Proposals should also incorporate an ability to estimate the potential value of a proposed product for key stakeholders that will support the translation of new early-stage technologies from bench to bedside and inform additional research and development activities and enable commercialization decisions.

Activities under this theme will address a key gap in the pipeline by supporting capacity building for first-in-human clinical trials through infrastructure investments and training programs to provide the HQP necessary to support and maintain such capabilities. The creation of new physical facilities for early-stage clinical trials is envisaged in partnership with health authority partners.

T3. Surveillance and Diagnostics

Pathogen surveillance is critically important globally and locally to track the emergence of high-risk pathogens. More details on objectives related to surveillance coming soon.
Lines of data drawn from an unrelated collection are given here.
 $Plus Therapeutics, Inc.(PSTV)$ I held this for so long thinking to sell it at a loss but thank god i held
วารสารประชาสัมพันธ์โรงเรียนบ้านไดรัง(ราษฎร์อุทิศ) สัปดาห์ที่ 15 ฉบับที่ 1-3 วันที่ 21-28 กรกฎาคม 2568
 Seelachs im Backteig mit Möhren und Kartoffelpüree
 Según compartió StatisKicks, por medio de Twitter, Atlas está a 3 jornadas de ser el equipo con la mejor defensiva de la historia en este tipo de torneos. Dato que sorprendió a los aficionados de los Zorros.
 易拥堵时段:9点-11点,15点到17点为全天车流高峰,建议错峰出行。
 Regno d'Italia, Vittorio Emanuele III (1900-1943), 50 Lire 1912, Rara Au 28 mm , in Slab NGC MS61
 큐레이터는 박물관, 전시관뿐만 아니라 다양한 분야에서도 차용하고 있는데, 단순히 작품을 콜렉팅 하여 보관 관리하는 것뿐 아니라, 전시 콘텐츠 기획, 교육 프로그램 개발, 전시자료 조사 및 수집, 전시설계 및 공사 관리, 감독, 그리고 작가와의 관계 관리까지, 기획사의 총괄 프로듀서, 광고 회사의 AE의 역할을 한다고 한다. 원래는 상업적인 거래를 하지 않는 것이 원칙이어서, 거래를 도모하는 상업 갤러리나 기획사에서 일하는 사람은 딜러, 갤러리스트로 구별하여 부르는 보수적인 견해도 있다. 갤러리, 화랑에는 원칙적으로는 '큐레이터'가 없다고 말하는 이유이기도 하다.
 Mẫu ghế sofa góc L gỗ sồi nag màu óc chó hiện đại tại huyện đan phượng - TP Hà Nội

Development of diagnostics for pathogen identification is of utmost priority for pandemic preparedness. With SARS-CoV-2 detection, PCR became the gold standard and required CAP-accredited laboratories to ensure quality and sensitivity with limited population testing capacity. Point-of-care testing has become urgently required to reduce the pressure on primary and secondary care, with several platforms receiving regulatory approval. CIEBH will work with partners to continue to commercialize rapid pathogen tests for laboratory use and point-of-care. Through partnerships within and between hubs, the objective will be to overcome the barriers that existed across Canada for the immediate approval and deployment of point-of-care diagnostics for SARS-CoV-2.

T4. Knowledge Mobilization

This theme will seek to address the public’s receptivity and uptake of new immune-based therapies and influence the equitable adoption at a population level of therapeutics developed under CIEBH’s priority areas. Acceptability is a particular challenge. Another key challenge is the interplay of legal, regulatory, and health technology assessment, which creates a complex system for innovators to navigate, yet requires innovators to engage early and often. There is an urgent need for strategies to enable two objectives:

  • development of affordable drugs, vaccines, and diagnostics that can be rapidly and equitably deployed within Canada’s health systems and
  • rapid and sustainable growth in Canada’s biotechnology sectors.
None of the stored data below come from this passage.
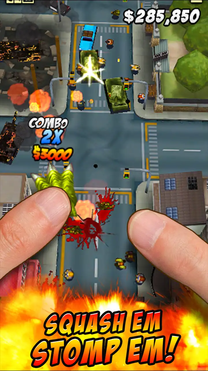 Сносите здания, давите машины, разбрасывайте танки и топчите испуганных жителей. Но будьте осторожны — город не сдастся без боя! Полиция, солдаты, броневики, танки и боевые вертолеты готовы дать отпор.
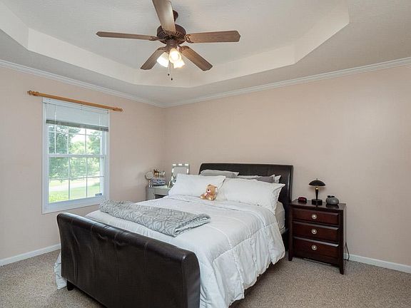 Partial Brick one level home on great lot~split bedroom floor plan~covered porch~beautiful colors~tray ceiling in master suite~side entry garage~nice oak cabinets~pantry~large laundry area~water softening system~new water heater and new roof~OPEN HOUSE SAT 7/27 11-1 all offers reviewed sun 7/28 after 5pm
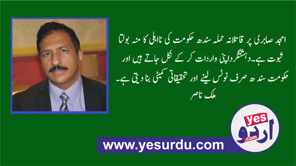امجد صابری پر قاتلانہ حملہ سندھ حکومت کی ناکامی ہے ۔ملک ناصر
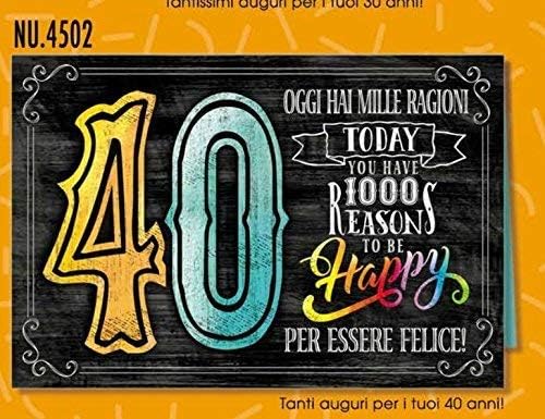 Ecco qui un biglietto d’auguri per i tuoi 40 anni Hai fatto così tanto nella tua vita, e pensare che hai appena iniziato Buon compleanno!. 25ott18 Auguri di Compleanno per festeggiare i 40 anni Visualizza altre idee su auguri di compleanno, 40 anni, compleanno. 25ott18 Bellissima carrellata di frasi di Auguri per i 40 anni Le frasi di auguri sono sia in formato testuale che in foto e immagini, da scrivere o condividere sui social che preferisci.
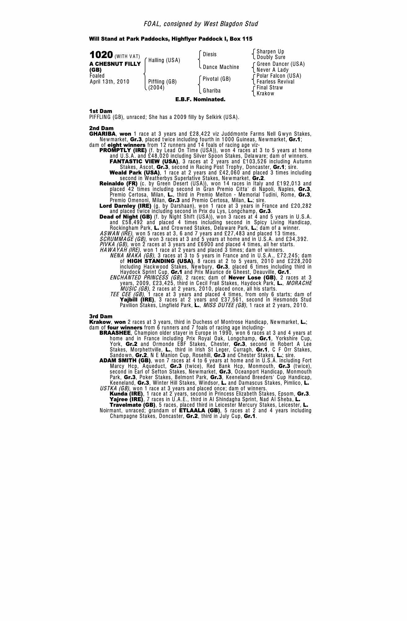 Consignor: West Blagdon Stud

To ensure innovations have the greatest potential to succeed in building Canada’s future, CIEBH will prioritize projects that synthesize and integrate perspectives from diverse disciplines, methodologies, and knowledge systems. We encourage projects to prioritize engagement with a diverse range of stakeholders—including patients and the public, particularly those from equity-deserving populations—through diverse and inclusive approaches and methodologies to understand the appropriate blend of laws, policies, and business practices that support these two objectives.
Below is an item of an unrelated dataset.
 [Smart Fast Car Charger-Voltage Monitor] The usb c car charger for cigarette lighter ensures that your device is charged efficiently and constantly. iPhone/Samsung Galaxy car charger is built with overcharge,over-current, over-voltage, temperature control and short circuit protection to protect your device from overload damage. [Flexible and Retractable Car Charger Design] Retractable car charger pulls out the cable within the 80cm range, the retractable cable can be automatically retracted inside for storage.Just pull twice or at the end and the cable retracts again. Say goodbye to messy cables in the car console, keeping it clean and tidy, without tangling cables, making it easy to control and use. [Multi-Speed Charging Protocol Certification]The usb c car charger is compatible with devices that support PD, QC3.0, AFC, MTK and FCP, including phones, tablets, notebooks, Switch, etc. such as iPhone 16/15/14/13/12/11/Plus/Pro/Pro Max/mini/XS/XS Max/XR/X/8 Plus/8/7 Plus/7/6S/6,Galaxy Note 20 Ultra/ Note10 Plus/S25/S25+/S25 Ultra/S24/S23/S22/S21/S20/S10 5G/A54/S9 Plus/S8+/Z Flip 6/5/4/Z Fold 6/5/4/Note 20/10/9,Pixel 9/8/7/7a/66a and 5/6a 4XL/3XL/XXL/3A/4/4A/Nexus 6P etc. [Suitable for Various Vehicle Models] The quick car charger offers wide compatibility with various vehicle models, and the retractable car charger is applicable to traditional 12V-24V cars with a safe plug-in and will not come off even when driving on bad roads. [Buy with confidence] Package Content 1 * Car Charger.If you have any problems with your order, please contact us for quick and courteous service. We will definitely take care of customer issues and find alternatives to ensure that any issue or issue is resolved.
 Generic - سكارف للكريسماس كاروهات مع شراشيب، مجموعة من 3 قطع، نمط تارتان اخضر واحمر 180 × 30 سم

Evaluations of the impact of regulatory reforms of advanced therapeutic medicinal products and mechanisms such as public health orders to accelerate regulatory approvals on research and development costs will also be supported. These regulatory reforms lower the evidentiary threshold for market authorizations with terms and conditions, requiring data and analytics systems to be implemented to longitudinally monitor products in clinical use. The evidence may be insufficient to support one-time health technology assessment for payers to determine safety, effectiveness, and cost-effectiveness. Therefore, we will also support the development and implementation of life-cycle health technology assessment, supported by legal frameworks of managed access agreements to ensure that ineffective therapies can be removed from the market.